What you need to do -
Once the pictures are set aside, copy the data below exactly as it stands.

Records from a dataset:
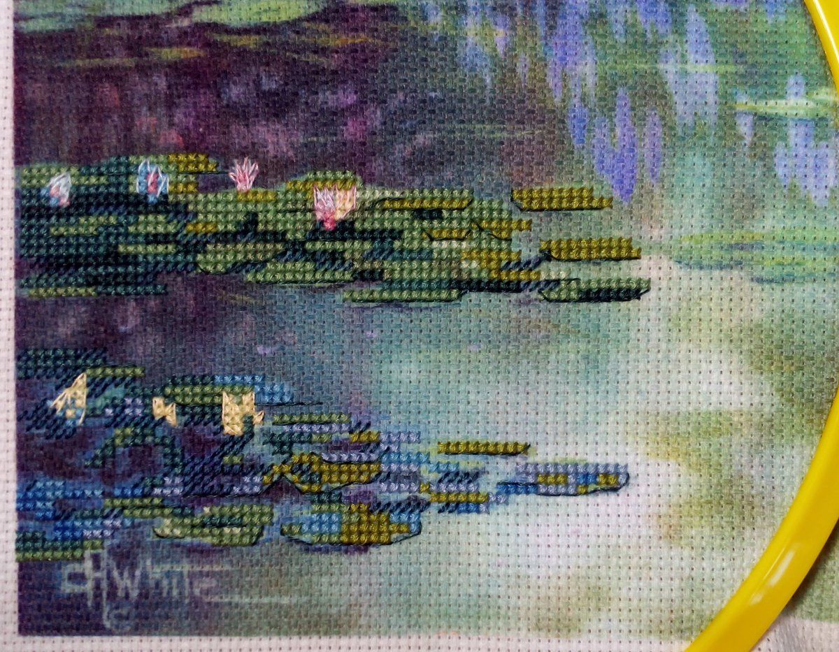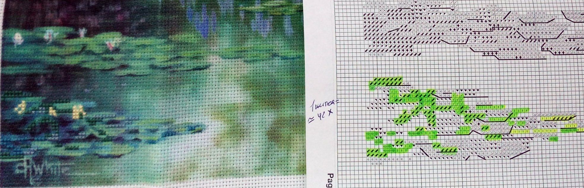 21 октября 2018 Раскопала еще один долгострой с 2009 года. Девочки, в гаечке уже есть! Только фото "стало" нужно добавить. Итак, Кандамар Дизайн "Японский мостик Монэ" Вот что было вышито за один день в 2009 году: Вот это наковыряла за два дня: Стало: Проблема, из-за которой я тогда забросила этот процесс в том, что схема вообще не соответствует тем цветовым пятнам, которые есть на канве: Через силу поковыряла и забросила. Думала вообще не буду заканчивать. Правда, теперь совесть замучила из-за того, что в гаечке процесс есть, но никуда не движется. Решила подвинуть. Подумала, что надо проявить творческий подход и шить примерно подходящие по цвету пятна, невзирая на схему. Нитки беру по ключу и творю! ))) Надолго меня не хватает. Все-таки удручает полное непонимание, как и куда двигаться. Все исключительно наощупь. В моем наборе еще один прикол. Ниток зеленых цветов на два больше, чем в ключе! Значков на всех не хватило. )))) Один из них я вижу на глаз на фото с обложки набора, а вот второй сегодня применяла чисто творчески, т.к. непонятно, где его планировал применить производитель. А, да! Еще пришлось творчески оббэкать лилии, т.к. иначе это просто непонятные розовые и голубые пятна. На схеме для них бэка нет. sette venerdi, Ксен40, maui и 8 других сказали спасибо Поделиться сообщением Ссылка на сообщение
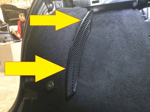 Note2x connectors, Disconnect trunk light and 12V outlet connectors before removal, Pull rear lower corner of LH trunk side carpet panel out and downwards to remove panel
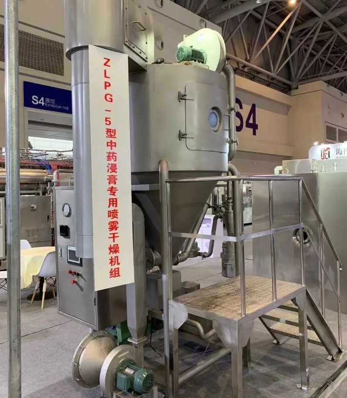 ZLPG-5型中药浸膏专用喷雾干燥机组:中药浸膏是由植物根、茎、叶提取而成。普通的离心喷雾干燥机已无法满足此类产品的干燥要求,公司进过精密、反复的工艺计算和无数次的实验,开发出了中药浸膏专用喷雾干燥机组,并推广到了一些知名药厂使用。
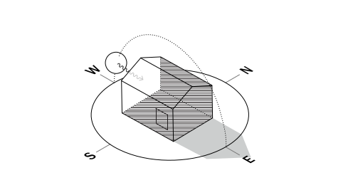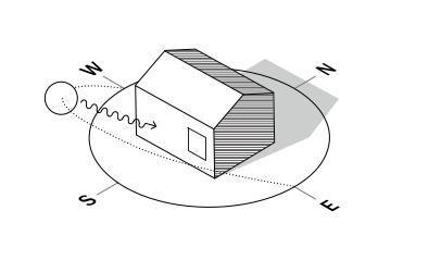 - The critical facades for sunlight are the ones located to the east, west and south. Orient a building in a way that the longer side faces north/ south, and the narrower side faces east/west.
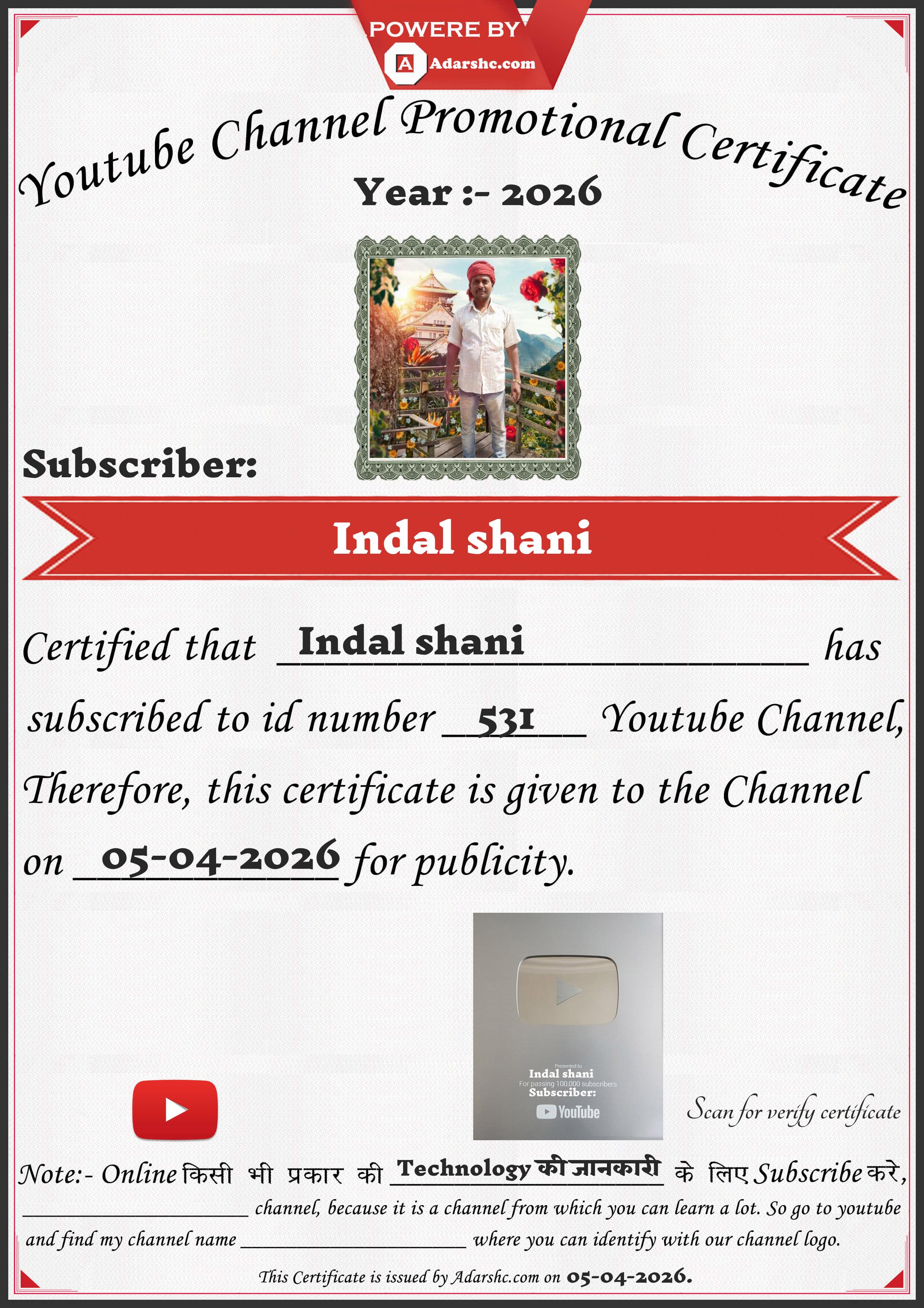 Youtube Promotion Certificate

The answer -
 21 октября 2018 Раскопала еще один долгострой с 2009 года. Девочки, в гаечке уже есть! Только фото "стало" нужно добавить. Итак, Кандамар Дизайн "Японский мостик Монэ" Вот что было вышито за один день в 2009 году: Вот это наковыряла за два дня: Стало: Проблема, из-за которой я тогда забросила этот процесс в том, что схема вообще не соответствует тем цветовым пятнам, которые есть на канве: Через силу поковыряла и забросила. Думала вообще не буду заканчивать. Правда, теперь совесть замучила из-за того, что в гаечке процесс есть, но никуда не движется. Решила подвинуть. Подумала, что надо проявить творческий подход и шить примерно подходящие по цвету пятна, невзирая на схему. Нитки беру по ключу и творю! ))) Надолго меня не хватает. Все-таки удручает полное непонимание, как и куда двигаться. Все исключительно наощупь. В моем наборе еще один прикол. Ниток зеленых цветов на два больше, чем в ключе! Значков на всех не хватило. )))) Один из них я вижу на глаз на фото с обложки набора, а вот второй сегодня применяла чисто творчески, т.к. непонятно, где его планировал применить производитель. А, да! Еще пришлось творчески оббэкать лилии, т.к. иначе это просто непонятные розовые и голубые пятна. На схеме для них бэка нет. sette venerdi, Ксен40, maui и 8 других сказали спасибо Поделиться сообщением Ссылка на сообщение
 Note2x connectors, Disconnect trunk light and 12V outlet connectors before removal, Pull rear lower corner of LH trunk side carpet panel out and downwards to remove panel
 ZLPG-5型中药浸膏专用喷雾干燥机组:中药浸膏是由植物根、茎、叶提取而成。普通的离心喷雾干燥机已无法满足此类产品的干燥要求,公司进过精密、反复的工艺计算和无数次的实验,开发出了中药浸膏专用喷雾干燥机组,并推广到了一些知名药厂使用。
 - The critical facades for sunlight are the ones located to the east, west and south. Orient a building in a way that the longer side faces north/ south, and the narrower side faces east/west.
 Youtube Promotion Certificate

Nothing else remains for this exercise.